For each integer in the list:
    Iterate along the tape, and compare each cell with the current integer
    If it is the same, increment the relevant counter, otherwise move along the tape.
Once you have completed this for all of the integers, iterate along the tape again, and look for the highest counter. Output the integer next to the highest counter

This algorithm will take $4m$ steps per integer (two out and two back for each integer currently on the tape), multiplied by $m$ integers. It will then take $2m$ time to compare all of the counters, and $2m$ to return to the start to output the answer. This is a total of $4m^2+4m$, which is $O(n^2)$ By using RAM, either a hashtable or an exponential amount of memory can be used. For a hashtable, it is a worst case $O(n^2)$ algorithm, and best case $O(n)$, and with exponential memory it is $O(n)$.

Therefore, in answer to your question, no, it does not have to take exponential time on a Deterministic Turing Machine. Your implementation does, but only because you opted to use an exponential amount of memory.
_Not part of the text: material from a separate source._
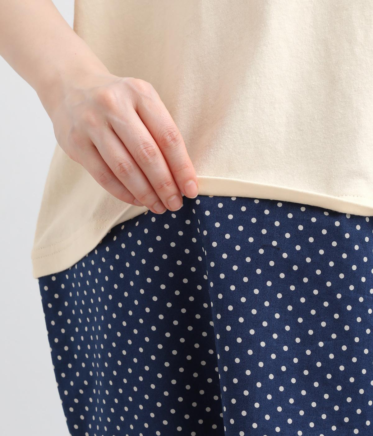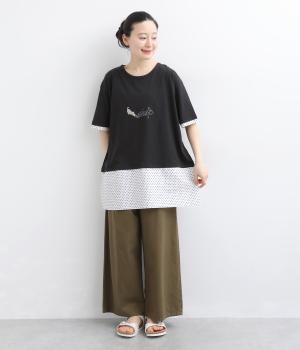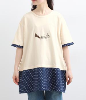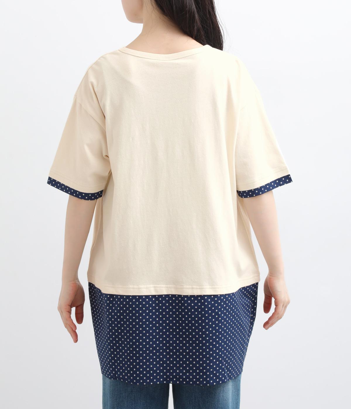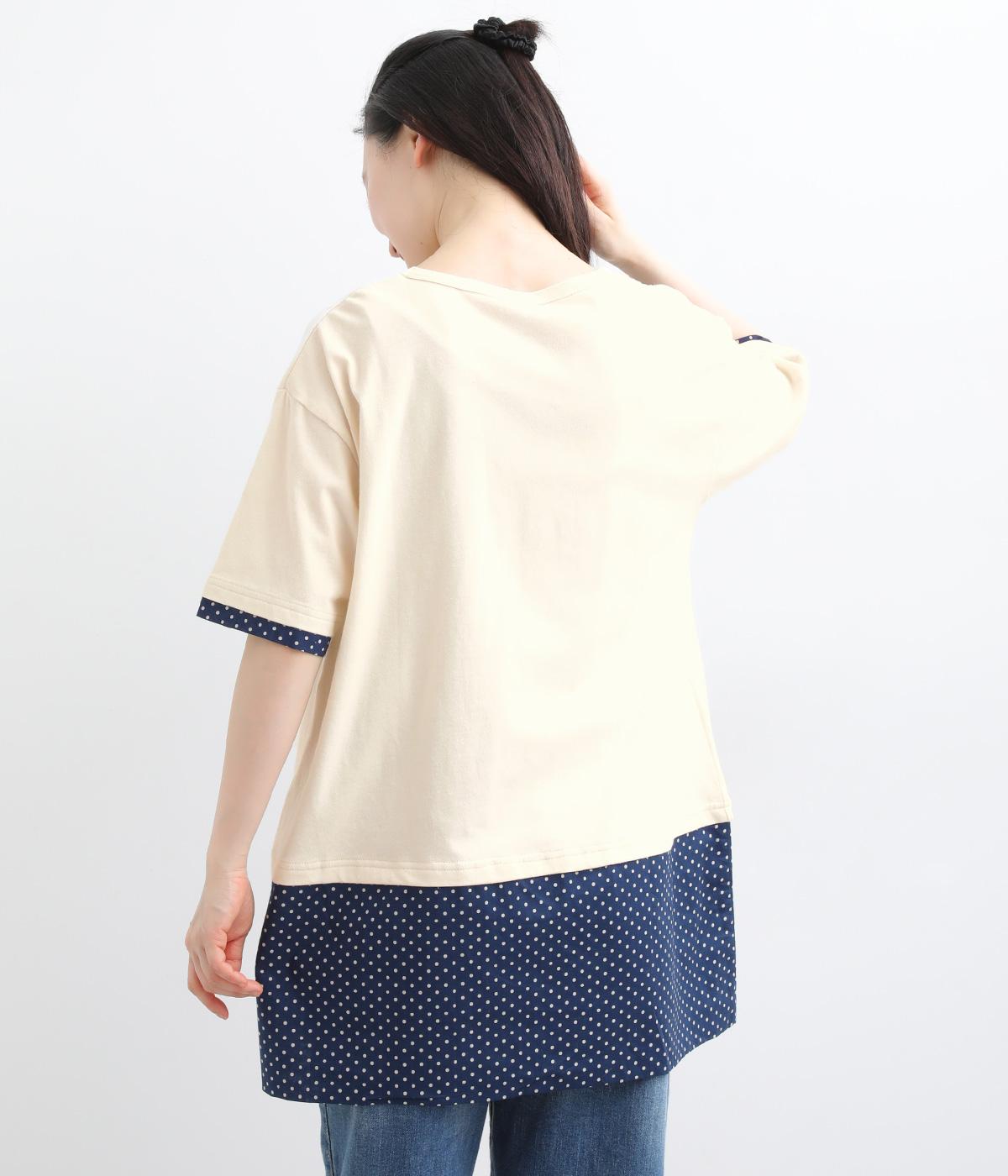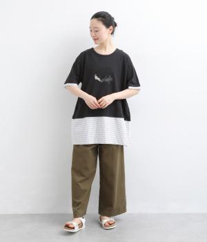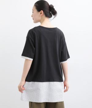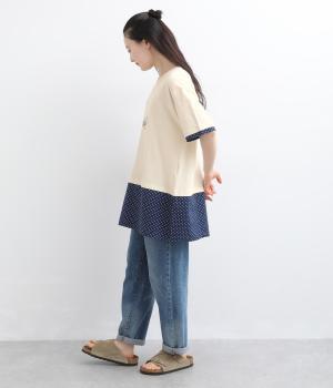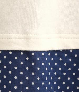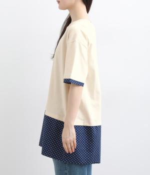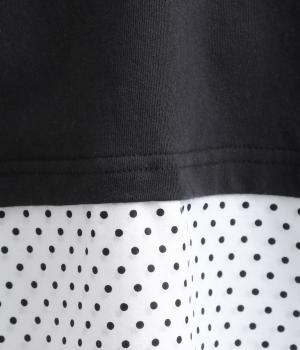 コットン裏毛無地+先染めコットン布帛ドット柄プリント入り異素材切替チュニック

By using RAM, the algorithm can be reduced to $O(n)$ given sufficient memory, or $O(n^2)$ with reasonable limits.

Edited to answer both the comments and the edited question:

While the algorithm you use allocates an exponential amount of memory, as you correctly point out it does not write to it. Because of this, the TM can simulate the algorithm without needing the same number of memory locations. Where I have above written the integer to the tape, that is effectively a pointer to your exponential amount of memory. In the interests of simplicity I did not have my array in order, however had I inserted into the middle of the array, rather than appending new values. (at a cost of $O(n)$), then my algorithm would exactly simulate yours.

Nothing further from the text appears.